Lab 4: Detective and Corrective Controls

In this lab you will test a remediating detective control that was deployed by the cloud platform engineering team in Lab 1. The control is designed to detect the creation of Amazon SageMaker training jobs outside of the secure data science VPC and terminate them. To do this, you will go through the Jupyter notebook kernel 00_SageMaker-SysOps-Workflow and execute the cells up to and including the creation of a training job. You’ll notice, as the training job is provisioned and begins to execute, that it is terminated by the corrective aspect of the control in the environment.


Start a training job

As the data scientist, read through and execute the cells in the Jupyter Notebook kernel named 00_SageMaker-SysOps-Workflow.ipynb. These various cells will:

  • set variables to reference the data and model Amazon S3 buckets that the administrators created for your team
  • copy training data to your local Jupyter notebook
  • preprocess the data using SageMaker Processing
  • push processed training data to your data S3 bucket
  • configure a training job to be executed by you
  • Use SageMaker Experiments to track metadata of your training jobs

When you reach the cell titled Train without a VPC configured, execute the cell and take note of the output.
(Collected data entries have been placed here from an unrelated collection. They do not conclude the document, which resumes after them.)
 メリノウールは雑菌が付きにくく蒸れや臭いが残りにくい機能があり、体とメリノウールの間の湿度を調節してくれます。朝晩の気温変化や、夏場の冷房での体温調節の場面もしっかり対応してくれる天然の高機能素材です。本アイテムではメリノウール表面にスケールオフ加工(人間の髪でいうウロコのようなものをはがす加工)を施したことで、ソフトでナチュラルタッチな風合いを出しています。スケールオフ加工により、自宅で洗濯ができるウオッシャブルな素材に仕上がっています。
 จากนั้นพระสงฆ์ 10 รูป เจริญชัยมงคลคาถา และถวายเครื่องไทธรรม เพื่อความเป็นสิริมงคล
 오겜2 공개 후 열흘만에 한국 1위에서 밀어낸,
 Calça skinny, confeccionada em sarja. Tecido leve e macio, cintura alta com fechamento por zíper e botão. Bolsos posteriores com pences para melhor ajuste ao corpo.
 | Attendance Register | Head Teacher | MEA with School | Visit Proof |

After a few minutes you should notice that the training job was terminated. The output should resemble the below which indicates that the training job did not complete its bootstrap.

Step-by-step instructions
2019-10-11 13:50:37 Starting - Starting the training job...
2019-10-11 13:51:01 Starting - Launching requested ML instances...
2019-10-11 13:51:35 Starting - Preparing the instances for training......
2019-10-11 13:52:29 Downloading - Downloading input data
2019-10-11 13:52:29 Stopping - Stopping the training job
2019-10-11 13:52:29 Stopped - Training job stopped
..Training seconds: 1
Billable seconds: 1
training completed.

Detective control explained

The training job was terminated by an AWS Lambda function that was executed in response to a CloudWatch Event that was triggered when the training job was created. The Lambda function inspected the training job, saw that it was NOT attached to a VPC and stopped the training job from executing.
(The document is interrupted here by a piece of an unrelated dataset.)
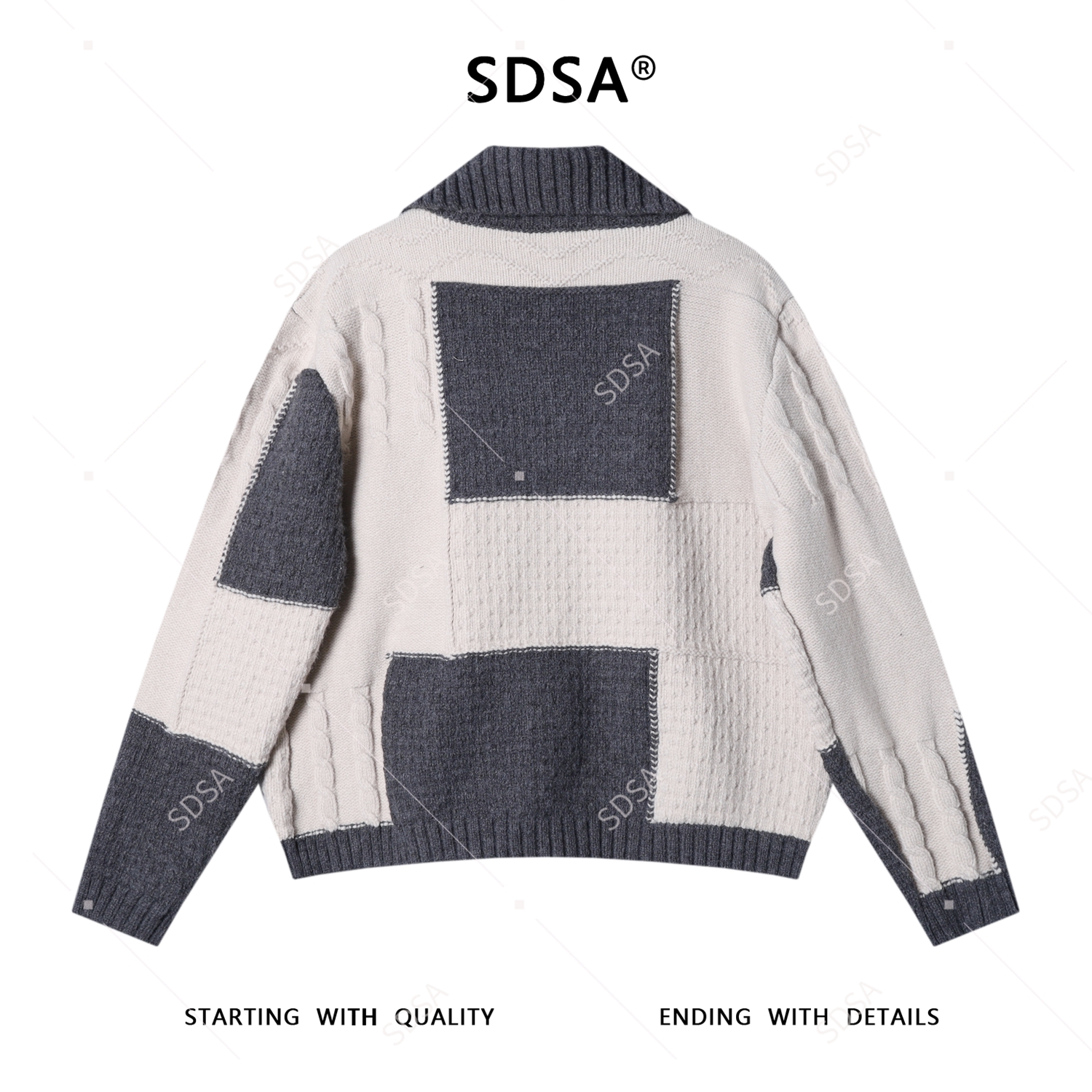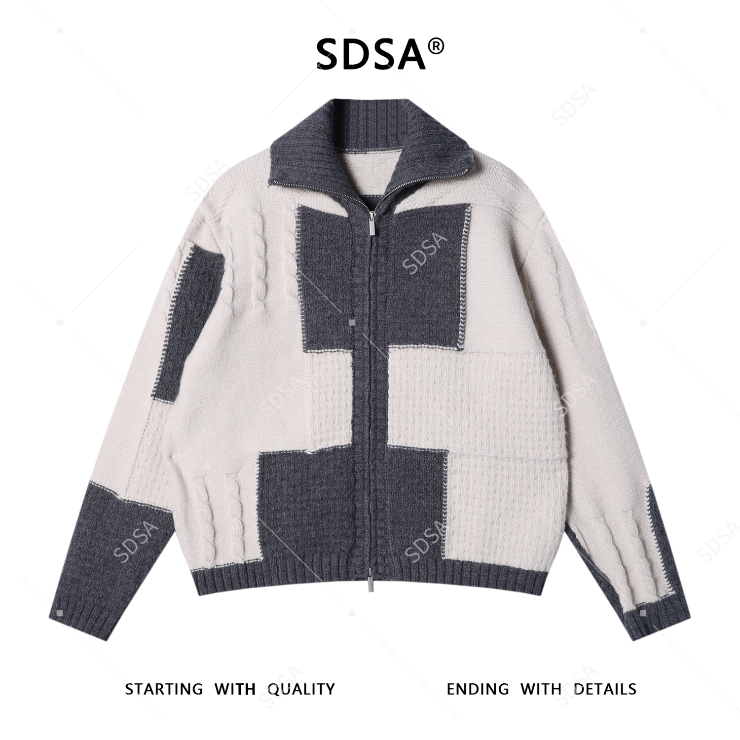 22538SDSA男士秋冬新款痞帅男装潮牌撞色纽花拉链翻领开衫毛衣百搭时尚

Assume the role of the Data Science Administrator and review the code of the AWS Lambda function SagemakerTrainingJobVPCEnforcer. Also review the CloudWatch Event rule SagemakerTrainingJobVPCEnforcementRule and take note of the event which triggers execution of the Lambda function.


Start a compliant training job

To succesfully run your training job you will need to configure the training job to run within your VPC. To do this you will pass a collection of subnet IDs and security groups that we imported earlier.

The following sample code shows how these can be specified:

TensorFlow(entry_point='predictor.py',
            ...,
            train_instance_count=1,
            train_instance_type=instance_type,
            subnets = ['subnet-0fc1ed6b334bd4cfd','subnet-0f398485e991f8333'],
            security_group_ids = ['sg-0da87d40633b8f922'],
            ...
            )

Execute the cell below the failed training job deployment titled Traing with a VPC, the training job should complete successfully, producing output similar to the following:

2019-10-16 19:57:54 Starting - Starting the training job...
2019-10-16 19:57:56 Starting - Launching requested ML instances......
2019-10-16 19:58:59 Starting - Preparing the instances for training...
2019-10-16 19:59:46 Downloading - Downloading input data...
2019-10-16 20:00:25 Training - Training image download completed. Training in progress..
2019-10-16 20:00:25,711 INFO - root - running container entrypoint
2019-10-16 20:00:25,711 INFO - root - starting train task
2019-10-16 20:00:25,727 INFO - container_support.training - Training starting

In this lab, you experienced a remediating detective control deployed by the cloud platform engineering team and reconfigured the SageMaker training job to run connected to your VPC. But waiting minutes to find out that your training job is going to error out is a slow and painful way to iterate during development.

In the next lab you will look into what preventive controls can be put in place to enhance your defense in depth and provide a better developer experience for the project team members.